**DATA SECTION:**
———

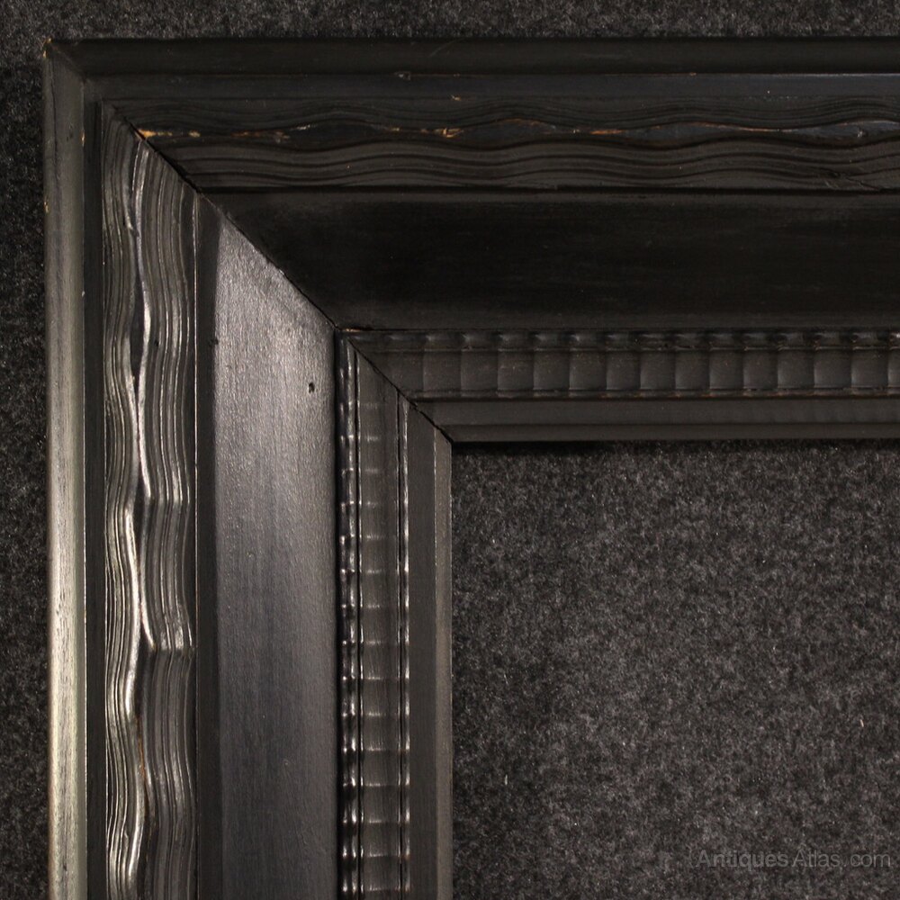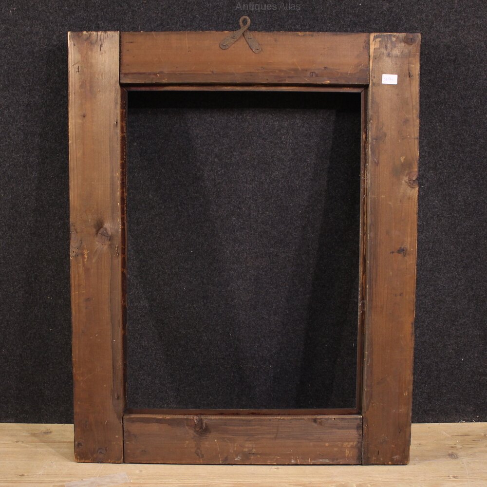 Italian frame from the first half of the 20th century. Guilloche-style carved wooden furniture with beautiful lines and a pleasing décor. The frame can hold a painting or mirror with maximum dimensions of H 76 x W 56 cm. It can be hung vertically or horizontally by moving the appropriate hook (see photo). This well-proportioned frame can easily be placed in various locations around the home, making it ideal for antique dealers and interior decorators. In good condition.As each of our products will be accompanied by a certificate of authenticity and warranty and photographic documentation. Every item will be packed in a custom-made wooden box. Free shipping in Europe and UK (import and custom duties NOT included). Worldwide shipping at affordable prices, ask us a shipping quote. BUY IN INSTALLMENTS INTEREST FREE.
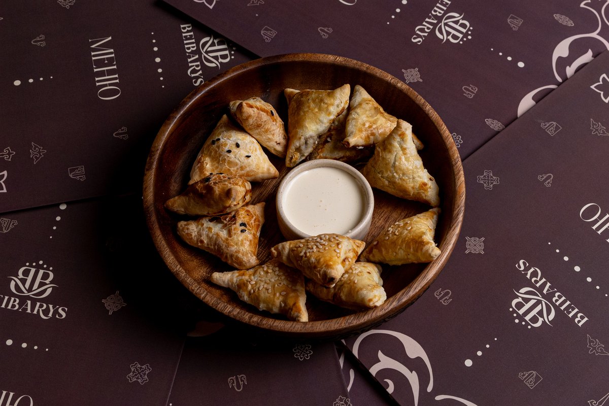 сет из 3 начинок: конина, индейка, грибы, подается с копченой сметаной
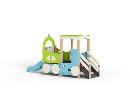 Паровозик состоит из кабины с крышей и лестницей, котла с горкой. Кабина имеет вход в виде альпинистской стенки и лестницы, две вспомогательные ручки, фанерное ограждение и крышу. Котел - открытая площадка с горкой, декоративной аркой и фанерным ограждением с художественным оформлением. Снизу по бокам расположены декоративные колеса.
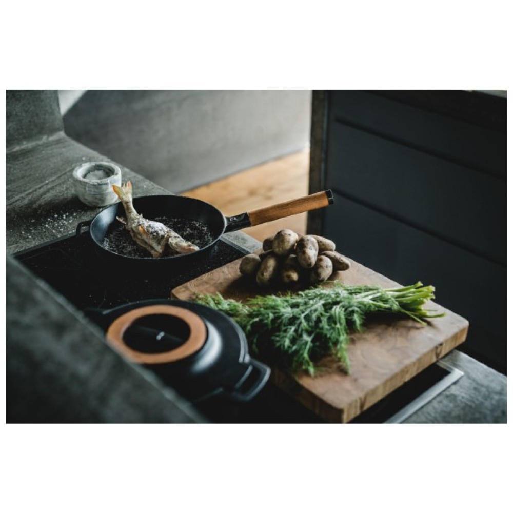 Fiskars Norden виготовлена з високоякісного чавуну, який може витримувати високі температури та має унікальне протипригарне покриття Thermium на чорній матовій емалі. Завдяки такій структурі їжа не прилипатиме під час готування навіть за високих температур. Ручка виробу виготовлена з деревини фінської берези та може бути знята за потреби. Ця модель стане чудовим поповненням вашого кухонного арсеналу та зможе слугувати не один рік.

———

**WHAT TO DO:**
Would you write out exactly the lines above, starting at the line containing "сет из 3 начинок: конина, индейка, грибы, подается" and stopping after the line containing "Паровозик состоит из"? Omit the pictures.

**EXERCISE OUTPUT:**
 сет из 3 начинок: конина, индейка, грибы, подается с копченой сметаной
 Паровозик состоит из кабины с крышей и лестницей, котла с горкой. Кабина имеет вход в виде альпинистской стенки и лестницы, две вспомогательные ручки, фанерное ограждение и крышу. Котел - открытая площадка с горкой, декоративной аркой и фанерным ограждением с художественным оформлением. Снизу по бокам расположены декоративные колеса.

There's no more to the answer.